Sound Transit, county agree to bus-tunnel plan

The Metropolitan King County Council yesterday approved an agreement with Sound Transit that allows buses and light-rail trains to share the county's downtown Seattle bus tunnel.

The 7-6 vote followed party lines, with all Democrats supporting the deal and all Republicans opposing it.

Opponents of Sound Transit's proposed light-rail line, anticipating council approval, earlier had threatened to gather signatures to force a public vote on the agreement. They dropped that plan yesterday, saying they had learned the council's action wasn't subject to referendum after all.

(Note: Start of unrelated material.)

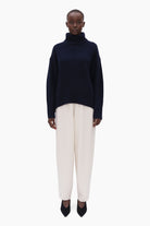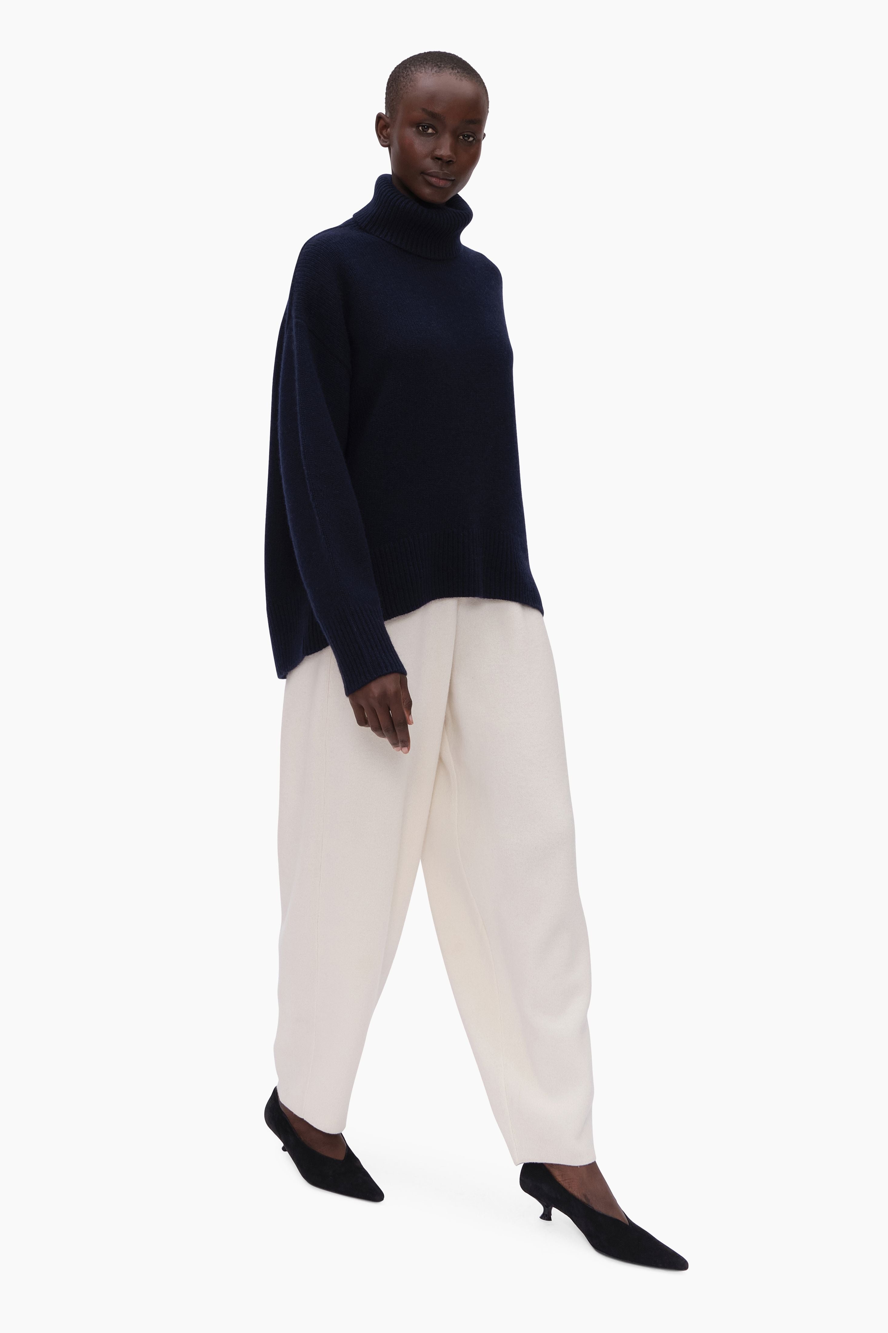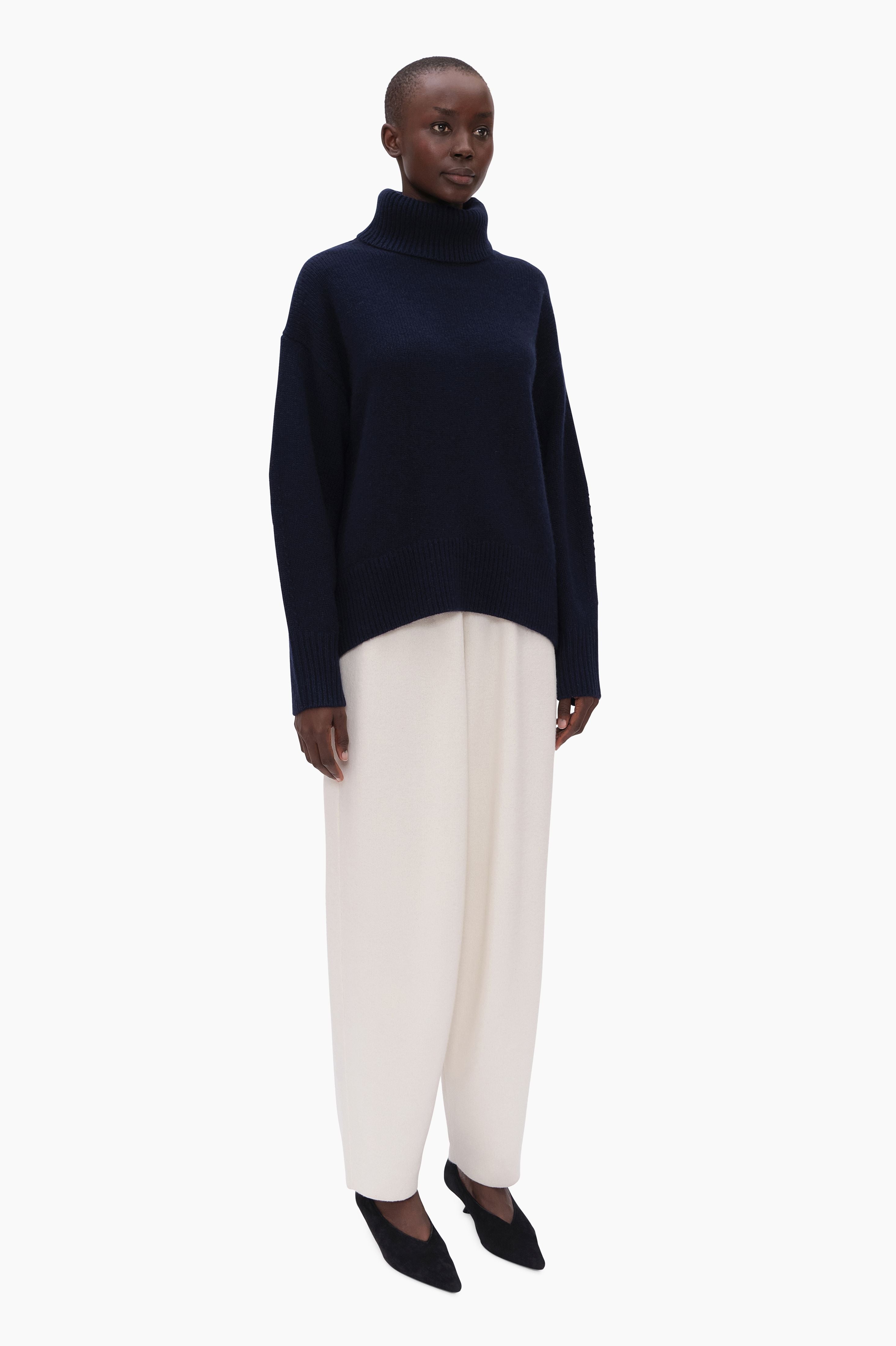Indulge in ultimate comfort with this slouchy roll-neck chunky knit jumper, crafted from 100% cashmere. Featuring fully fashioned seams, the oversized silhouette is paired with drop shoulders and refined by a ribbed neckline, cuffs and hem. A cozy essential for elevating your everyday look.

In a related development, a key congressman has asked the same government investigators who ripped Sound Transit a year ago to take another look at the revised light-rail project, including the safety of joint bus-rail operations in the tunnel.

In a letter earlier this month, U.S. Rep. Hal Rogers, R-Ky., who chairs the House transportation-appropriations subcommittee, also asked the inspector general for the federal Transportation Department to examine the project's cost, schedule and funding sources.

Sound Transit critics said Rogers' request was trouble for the agency. But a Sound Transit spokesman said Rogers' letter came as no surprise and shouldn't interfere with the agency's bid to get money for the project included in President Bush's next budget proposal.

The joint-use agreement for the bus tunnel that the County Council approved yesterday is an important milestone for Sound Transit as it seeks federal money to build a scaled-back, 14-mile line from downtown Seattle to Tukwila.

Sound Transit's board approved the arrangement last month. The Seattle City Council is expected to give its blessing next week.

County Councilman Dwight Pelz, D-Seattle, who shepherded the agreement through the council, predicted the flap over the project would be forgotten once the line opens in 2009.

"Across America, virtually every city that has built a rail system enjoys that system so much that they have demanded it be expanded," he said.

But Councilman Rob McKenna, R-Bellevue, said the agreement effectively converted the tunnel from a regional facility — most of the buses that now use it serve suburbia — to one that will benefit primarily Seattle.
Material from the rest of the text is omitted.